The new 9207-8i cards arrived and were installed last week. Server 2k8R2 and IOmeter are ready for testing- but our older primary VM host crashed and I have not gotten to play with this since. After that was fixed, I found 4 dead drives in our primary NAS pair (replicated). Hopefully later this week I can get some work done
DBA- message me your config settings.
I believe that you mean my IOMeter settings. Here they are:
IOMeter configuration for SSD-oriented testing:
Run the IOMeter UI and configure it as shown below.
Test Setup tab:
All default values except:
"Number of Workers to Spawn Automatically" = 1 or optionally 1 per physical CPU slot (not the default, which is one worker per CPU core). Try both options and see what you get.
"Ramp Up Time" - 0 seconds is fine if you are testing the HBA itself. If you are testing overall system performance, 60 seconds or up to 60 minutes is appropriate - this gives the system time to get into "steady state" before you start collecting metrics.
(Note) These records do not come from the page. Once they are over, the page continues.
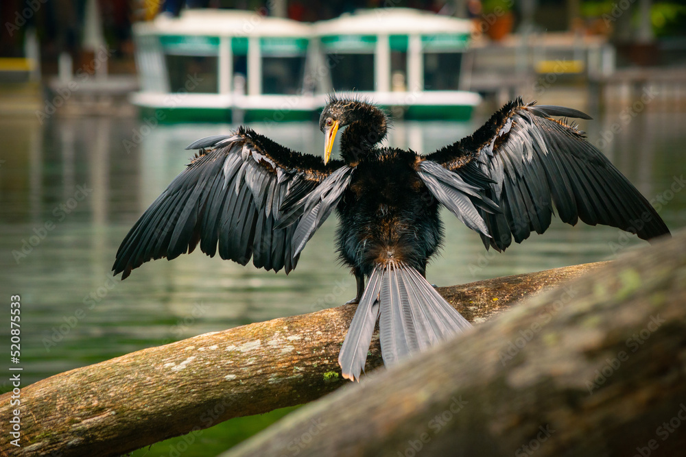 Ave acuática secando sus alas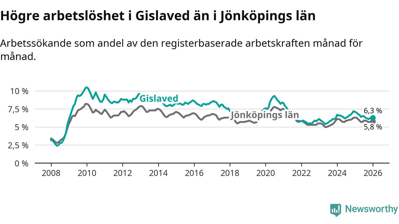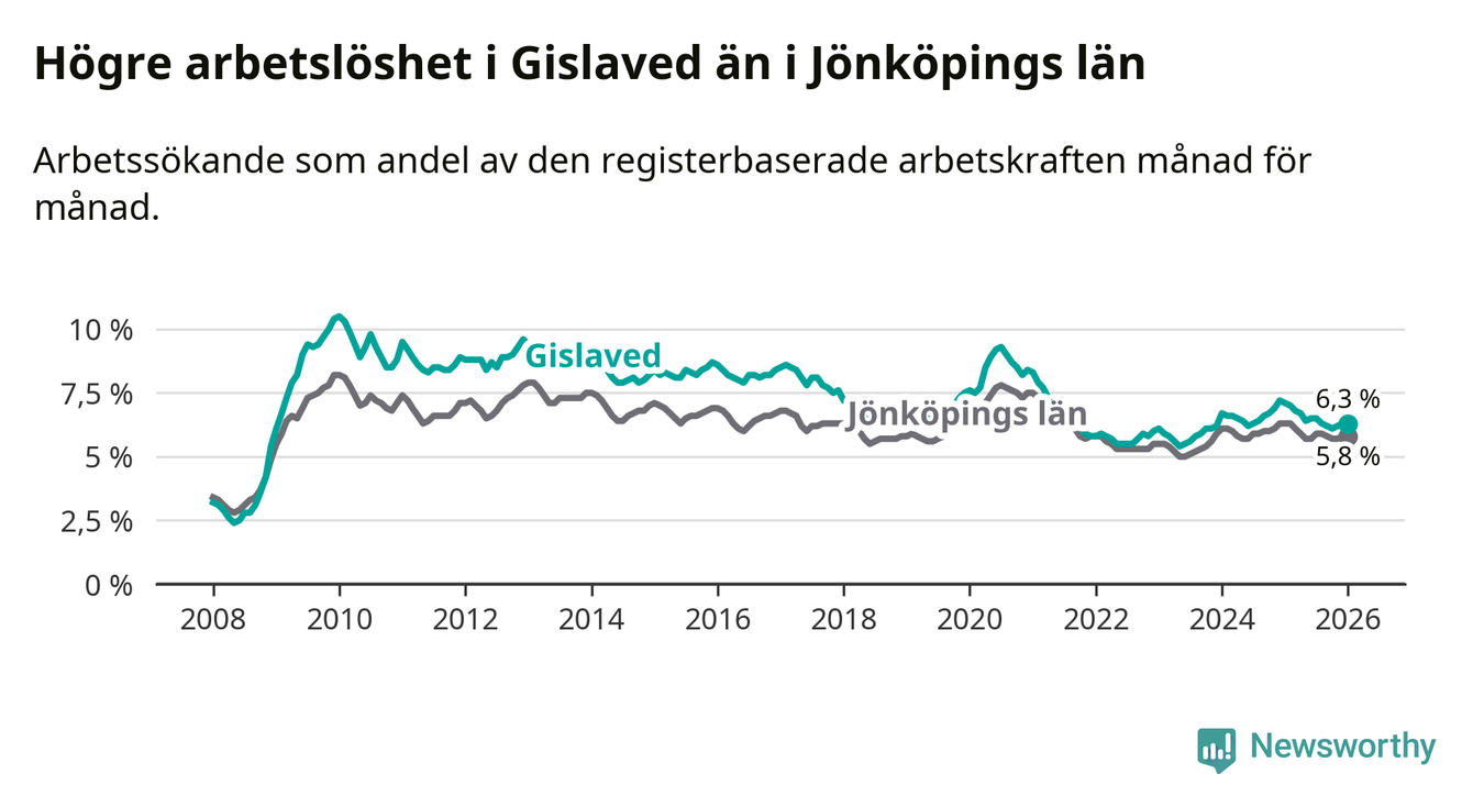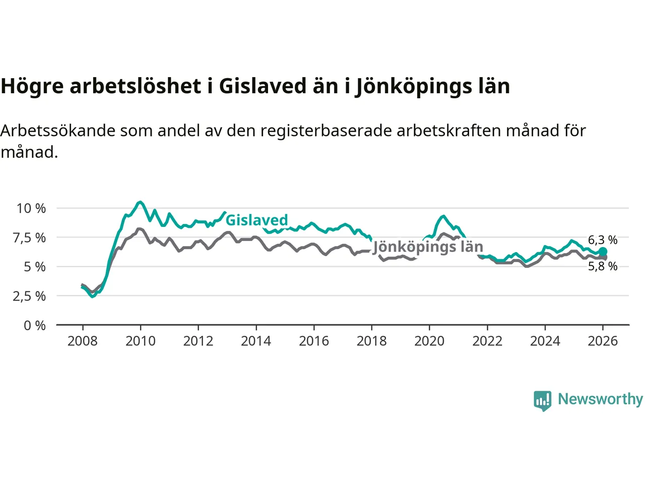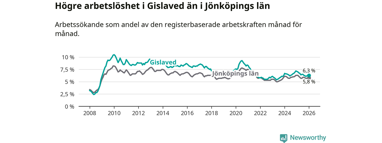 Arbetslösheten bland utlandsfödda var 13,4 procent i Gislaved under januari månad, motsvarande 607 av 4 530 personer. Det är 2,6 procentenheter färre än vid samma tidpunkt i fjol (−116 om man räknar personer). Därmed är de utlandsföddas arbetslöshet lägre än vid samma tidpunkt i fjol för nionde månaden i följd. Sedan april 2025 har arbetslösheten bland utlandsfödda minskat från 15,0 till 13,4 procent.
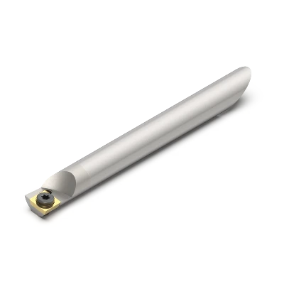Diese rechtsschneidende Hartmetall-Bohrstange mit einem ⌀ 5.00 mm SynTool ist 49.80 mm lang und besitzt keinen Kühlkanal. Die Wendeplatte der Grösse CD0401 muss extern gekühlt werden (Einstellwinkel: 95.0°). Im Vergleich zu einem gehärteten Stahlschaft bietet der Hartmetallschaft eine deutlich höhere Schwingungsdämpfung, was zu einer verbesserten Oberflächengüte und längerer Werkzeugstandzeit führt.
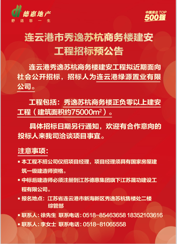 連云港 德惠·秀逸蘇杭商務(wù)樓建安工程招標(biāo)公告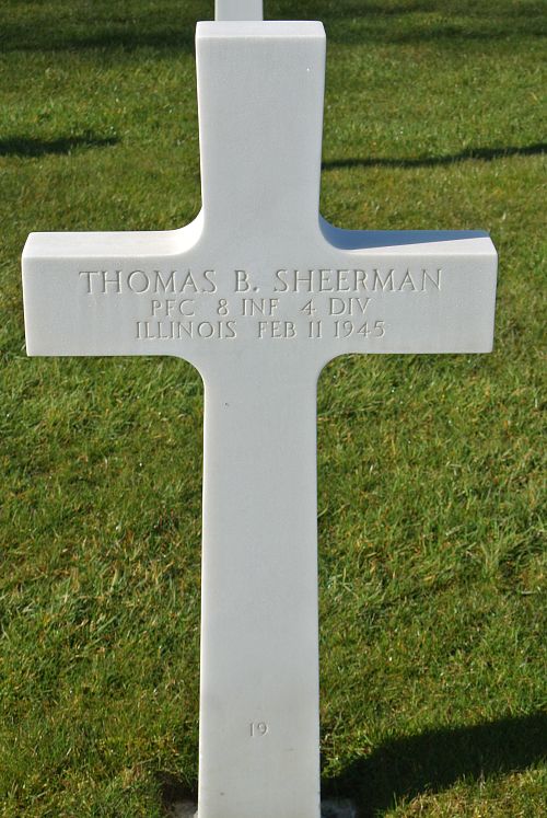 Pfc Thomas B. Sheerman was first buried at Temporary American Military Cemetery Foy, Belgium.Source of information: Danny van der Groen, Peter Schouteten, www.abmc.gov, www.wwiimemorial.com, www.ancestry.com - Headstone and Interment Record / Mercer Family Tree
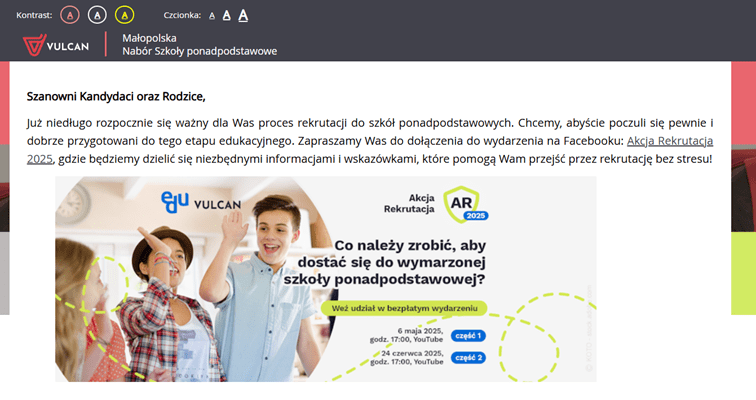 - System rekrutacji VULCAN – NABÓR MAŁOPOLSKA SZKOŁY PONADPODSTAWOWE (np. Łapanów, Limanowa, Tymbark, Bochnia)

"Run Time" - I use five minutes for quick card/HBA tests and 30 minutes to 5 hours for system performance tests.
Results Display tab:
"Results Since" = Start of Test since we want the overall results, not a snapshot
"Update Frequency" = 10 seconds. It's not critical
Access Specifications tab:
Each test will have it's own configuration here - see below.
Network Targets tab:
You won't be testing the network, so there is no need to touch this tab.
Disk Targets tab:
"Maximum Disk Size" = 24,000,000 sectors would be 12GB per disk assuming 512byte sectors. Set this large enough that the data won't fit into your RAID card cache or your OS memory, if you are testing a filesystem.
"# of Outstanding I/Os" = 32. This is a good average for an LSI HBA. Most systems will show maximum performance somewhere between 16 and 256.
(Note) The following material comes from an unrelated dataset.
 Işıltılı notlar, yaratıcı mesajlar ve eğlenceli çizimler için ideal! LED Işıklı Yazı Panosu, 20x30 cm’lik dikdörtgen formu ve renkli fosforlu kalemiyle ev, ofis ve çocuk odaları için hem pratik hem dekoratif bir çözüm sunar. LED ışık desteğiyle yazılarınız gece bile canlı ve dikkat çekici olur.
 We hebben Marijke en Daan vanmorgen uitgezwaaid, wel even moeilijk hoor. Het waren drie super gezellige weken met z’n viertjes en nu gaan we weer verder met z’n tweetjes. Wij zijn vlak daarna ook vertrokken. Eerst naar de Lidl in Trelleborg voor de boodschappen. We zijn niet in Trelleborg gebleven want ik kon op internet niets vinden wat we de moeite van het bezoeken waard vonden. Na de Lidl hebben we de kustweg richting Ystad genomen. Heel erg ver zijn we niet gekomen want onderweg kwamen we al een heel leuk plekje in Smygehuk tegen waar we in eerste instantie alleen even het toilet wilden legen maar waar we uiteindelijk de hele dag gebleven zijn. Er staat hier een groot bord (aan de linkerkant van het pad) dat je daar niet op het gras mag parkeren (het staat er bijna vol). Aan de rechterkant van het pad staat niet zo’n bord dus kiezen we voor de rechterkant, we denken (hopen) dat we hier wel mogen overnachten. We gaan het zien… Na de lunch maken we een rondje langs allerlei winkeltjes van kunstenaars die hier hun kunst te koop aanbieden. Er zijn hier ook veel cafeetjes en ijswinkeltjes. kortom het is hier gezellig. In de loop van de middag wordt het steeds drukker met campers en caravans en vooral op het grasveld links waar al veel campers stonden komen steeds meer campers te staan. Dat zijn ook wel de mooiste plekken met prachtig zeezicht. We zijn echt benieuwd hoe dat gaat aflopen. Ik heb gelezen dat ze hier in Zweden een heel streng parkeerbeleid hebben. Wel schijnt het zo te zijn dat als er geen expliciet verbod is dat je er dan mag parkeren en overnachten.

"Write IO Data Pattern" = Pseudo Random.
Note: Control-click to select more than one disk to test at once.
Access Specifications:
Read IOPS Test:
4kb, 100% of specification, 100% read, 100% random for SSD testing. All other settings default.
Read Throughput test:
1MB, 100% of specification, 100% read, 100% random. Sometimes you can see greater throughput by testing 2MB or 4MB transfers, but my use case is for 1MB transfers so that's what I use.
RAID Read test:
64kb (or whatever your RAID chunk size is), 100% of specification, 100% read, 100% random.
RAID Write test:
64kb (or whatever your RAID chunk size is), 100% of specification, 100% write, 100% random.
Configure IOMeter as above with the exception of the access specifications, which vary per test. For each test, configure an access specification and then run that test. You should create additional test specifications to match your anticipated disk usage, including mixed read/write tests.
In my methodology, I first test the system as JBOD, which gives me a good idea of my raw maximum throughput. For this, I connect many SSD drives as separate volumes, leaving them initialized but unformatted (to avoid OS caching) and then control-click all of them in the Disk Targets tab so that I'm testing on all of the SSD drives in parallel but not testing any RAID implementation.
Once you are satisfied with your raw throughput, you can re-test with the disks in whatever RAID setup you have chosen to see how well your RAID implementation is performing.